Some days this is really hard. I want to let them forget it all. I want them to be happy, normal kids as much as is possible, but then we get blindsided by TV shows about stars, or by random, clueless strangers asking them what they want to be when they grow up, and I know I need to prepare them for that. I'm still groping to find the right balance between helping them deal with their disabilities and helping them be as normal as they can be.

Some days I still can't handle my own emotions well. I belong to several groups on Facebook: two for the diagnosis that Naomi and Emma previously had (ARPKD/CHF, because after 5 years with that diagnosis those people are still family to me and we can still help each other out), two for their new diagnosis of Bardet-Biedl Syndrome, and one that is a group of moms from the college I went to. Every day I listen to and talk with moms in the first four groups who are fighting for their children's lives: fighting against doctors who want them to terminate pregnancies, fighting doctors who don't want to treat their babies after they are born, fighting to understand diseases they had never heard of, fighting with insurance companies to get therapies and assistive devices covered. Every day these moms are asking some of life's toughest questions, crying together, falling apart and getting back up.
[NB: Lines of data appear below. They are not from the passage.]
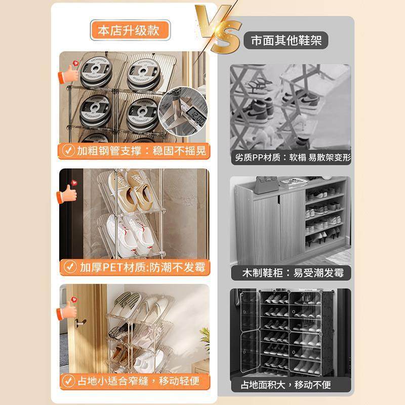📚 入户门小窄夹缝鞋柜轻奢高透鞋架倾斜多层简易家用门口鞋子收纳架
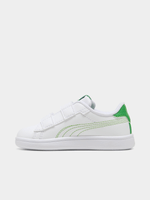 Sweet Style for Little Feet: The Puma Smash 3.0 Hearty V in White/Green is a charming update to the classic court-inspired silhouette. Combining a clean, tennis-ready look with playful "Hearty" design elements, these sneakers are perfect for toddlers on the go. The fresh white base is accented by vibrant green details, offering a crisp and energetic aesthetic that’s as durable as it is adorable.
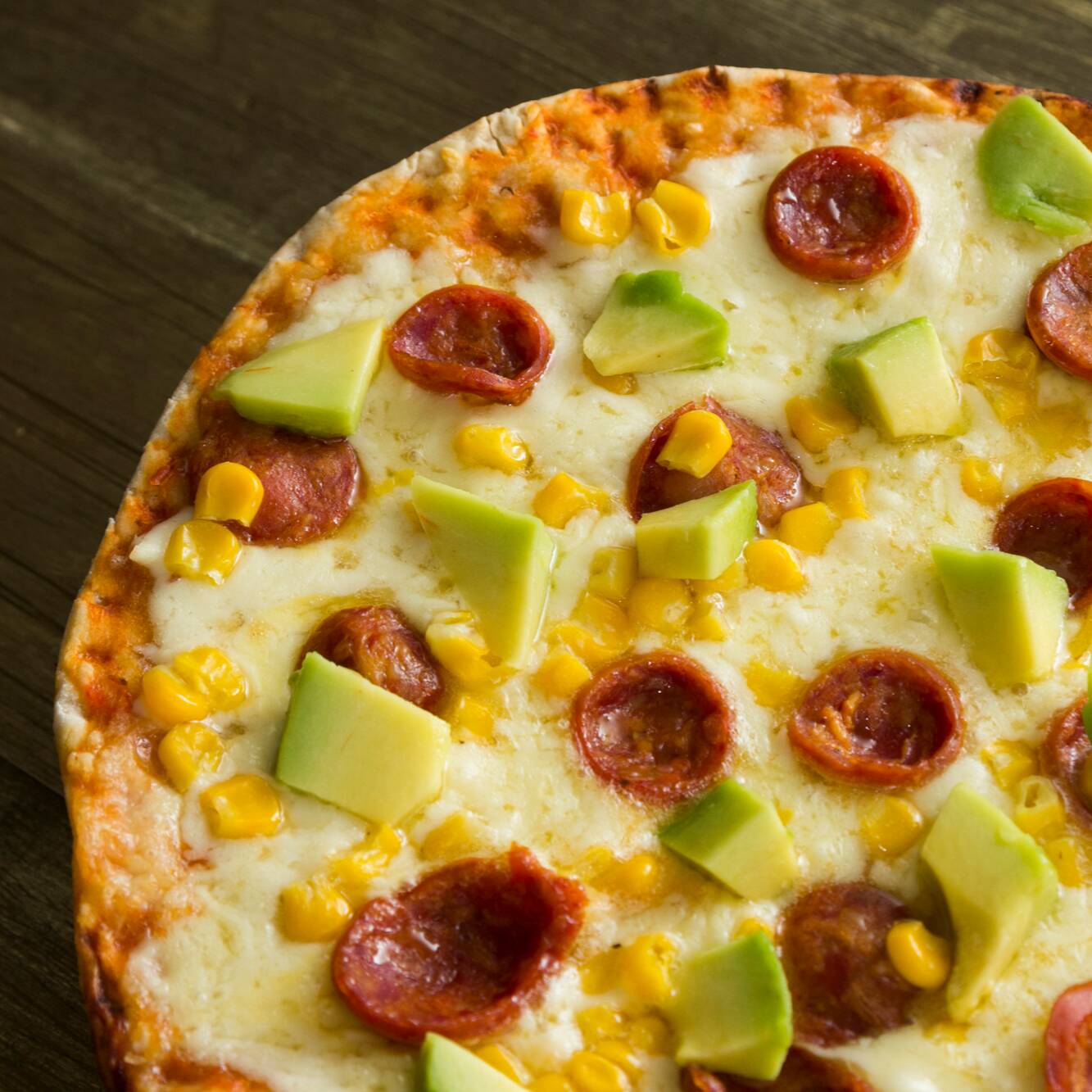 Chorizo, maíz y aguacate.

In that same newsfeed every day the moms in the group from the college I went to are asking about how they can be sure they're getting the best baby carrier for their money, or find just the perfect preschool, or the perfect babysitter, or teach their child to read when they are three. And I want to strangle them all through the screen. I know that's not the right attitude. I know they're not doing anything wrong. These are normal questions, normal concerns for normal moms and healthy kids. But sometimes I wish I could give them some perspective.

"Hey you mamas out there, your kids are most likely going to be OK. They're going to grow up and be mostly healthy and probably live independently and get married and have their own healthy kids. And they're going to do all of that no matter which baby carrier you choose, or which preschool, or how early they read. So just… chill out, and be thankful."

But I haven't posted that yet, because it would lead to a lot of awkward silence. They wouldn't have a clue that I just had that heartbreaking dinner conversation where two of my kids remembered that they'd rather not grow up. The mamas on the internet wouldn't understand. So I keep those emotions in me, where they do less damage.

Sometimes I feel like I've connected with other people who really do understand and have a good perspective on the challenges we face. Yesterday I came across an article about a 13 year-old boy with retinal degeneration who just had a beautifully bright attitude about life, and I found it inspiring, until I came to the part where the mother explained that she came to terms with her son's diagnosis of retinal degeneration when she realized that it wouldn't kill him.

Even reading articles about people that are supposed to understand, I suddenly get stabbed with an emotional knife. Yes, for this boy, retinal degeneration was all he had. It wouldn't kill him. But that cannot be my solace. My girls have a far more complicated syndrome, and even among other people with BBS they are in more danger than most because of the poor condition of their kidneys and livers. Most people with BBS don't have the severe kidney and liver involvement my girls do. For my girls BBS will likely take their life early.

I know it. They know it, to some extent. And together we're learning to live with it, one day filled with joy and with heartbreak at a time. Some days it is harder than others.